Stoichiometry & Flue Gas Analysis

Stoichiometry & Flue Gas Analysis

1. Fuel-Air Ratio and Equivalence Ratio

For a general hydrocarbon $C_x H_y$ burning in air (21% O₂, 79% N₂ by volume):

$$C_x H_y + a_{st}(O_2 + 3.76 N_2) \to x CO_2 + \frac{y}{2} H_2O + 3.76 a_{st} N_2$$

where $a_{st} = x + y/4$ is the stoichiometric O₂ coefficient. The stoichiometric air-fuel ratio by mass:

$$AFR_{st} = \frac{a_{st} \times M_{air}}{M_{fuel}} = \frac{a_{st} \times 28.85}{12x + y}$$

Equivalence ratio: $\phi = AFR_{st}/AFR_{actual}$ (or $\phi = (F/A)_{actual}/(F/A)_{st}$). Excess air: $EA = (\lambda - 1) \times 100\%$ where $\lambda = 1/\phi$. Rich flame: $\phi > 1$, $\lambda < 1$; lean flame: $\phi < 1$, $\lambda > 1$.

2. Wet and Dry Flue Gas Composition

For methane ($CH_4$) burning at excess air $EA$:

$$CH_4 + (1+EA/100)\cdot 2(O_2 + 3.76N_2) \to CO_2 + 2H_2O + \frac{EA}{100}\cdot 2 O_2 + 2(1+EA/100)\cdot 3.76 N_2$$

Total dry moles $= 1 + EA/50 + 7.52(1+EA/100)$. Dry-basis CO₂% $= \frac{1}{\text{total dry}} \times 100$. As $EA$ increases: CO₂% decreases, O₂% increases. The Orsat analyser measures dry-basis CO₂, O₂, CO by absorption; $\phi$ is back-calculated from these measurements.
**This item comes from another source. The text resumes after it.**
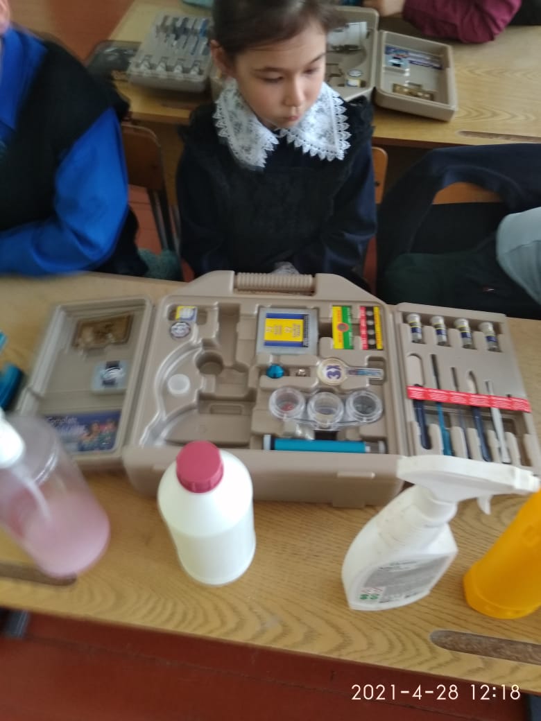Башлангыч сыйныф укытучысы һәм ресурс үзәге җитәкчесе Ибраһимова Ф.ф. башлангыч сыйныфларда химия куркынычсызлыгы көненә багышланган "табигатьне бергә саклыйк" дигән темага дәрес үткәрде. Балалар зур кызыксыну белән яшь химик җыелмаларын өйрәнделәр, беренче тапкыр микроскопны күрделәр, аның белән мөрәҗәгать итәргә өйрәнделәр.

3. Chemical Equilibrium at High Temperature

Above ~1500 K, CO₂ and H₂O partially dissociate: $CO_2 \leftrightarrow CO + \frac{1}{2}O_2$ with $K_p(T) = \exp(-\Delta G°/RT)$. This limits actual flame temperatures below the ideal adiabatic value and produces CO even at lean conditions. Equilibrium is computed by minimising Gibbs free energy of the product mixture subject to atomic balance constraints — typically solved numerically (NASA CEA code, Cantera).